1. Make the first step tiny and specific

“Work on the report” is vague. “Open the doc and write the first bullet of the intro” is doable. Break the task until the next action is something you can do in under 5 minutes. An AI coach or a simple “what’s the one thing?” prompt can force that clarity.

2. Time-box instead of open-ended work

“I’ll work on this until it’s done” invites drift. “I’ll do one 25-minute Pomodoro on this” gives a clear start and end. Commit to one session; finishing the whole task is a separate goal. Tools that let you assign sessions per task (e.g. “this todo = 2 Pomodoros”) make this concrete.

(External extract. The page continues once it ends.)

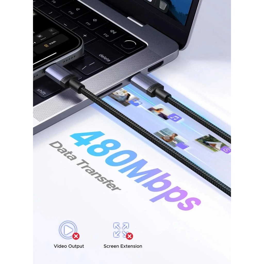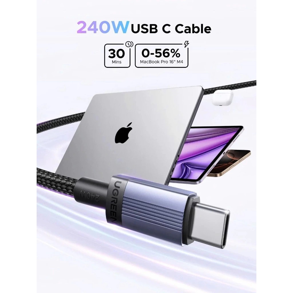 Cáp sạc nhanh USB Type-C dài 2M màu đen xám 240W Ugreen 65908 L532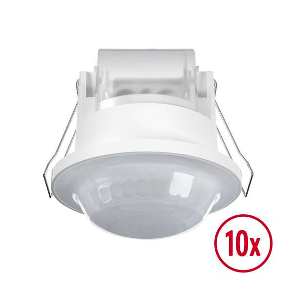 Präsenzmelder im Set mit 360° Erfassungswinkel für den Deckeneinbau. Reichweite von bis zu 8 m im Durchmesser bei einer empfohlenen Montagehöhe von 2,5 m. 10 A Hochleistungsrelais. Nulldurchgangsschaltung: Verlängerung der Lebensdauer von Relais und Leuchtmittel bei elektronischen Vorschaltgeräten (z.B. Fluoreszenzleuchten, LED) durch schonendes Schalten im Nulldurchgang. Werkseinstellung für eine sofortige Betriebsbereitschaft. Einfaches Parametrieren per Fernbedienung oder mit ESY-Pen und ESY-App. Automatische Lichtsteuerung. Zusätzlicher Tastereingang. Erweiterung des Erfassungsbereichs durch Parallelschaltung.

3. Reduce friction to start

If opening the app, choosing a task, and starting the timer takes 3 minutes, you’ll delay. The ideal flow: open app → see one suggested or default task → tap “Start” → timer runs. Fewer steps, fewer excuses.

4. Log distractions without guilt

Noticing what pulls you away (phone, email, “quick” search) is data. Log it in one tap instead of judging yourself. Over time you see patterns and can change the environment (e.g. phone in another room for the next session).

Putting this together: get clear on the next tiny step, time-box with a Pomodoro, make starting as easy as one tap, and treat distractions as feedback. That’s how you go from “I’ll do it later” to actually starting.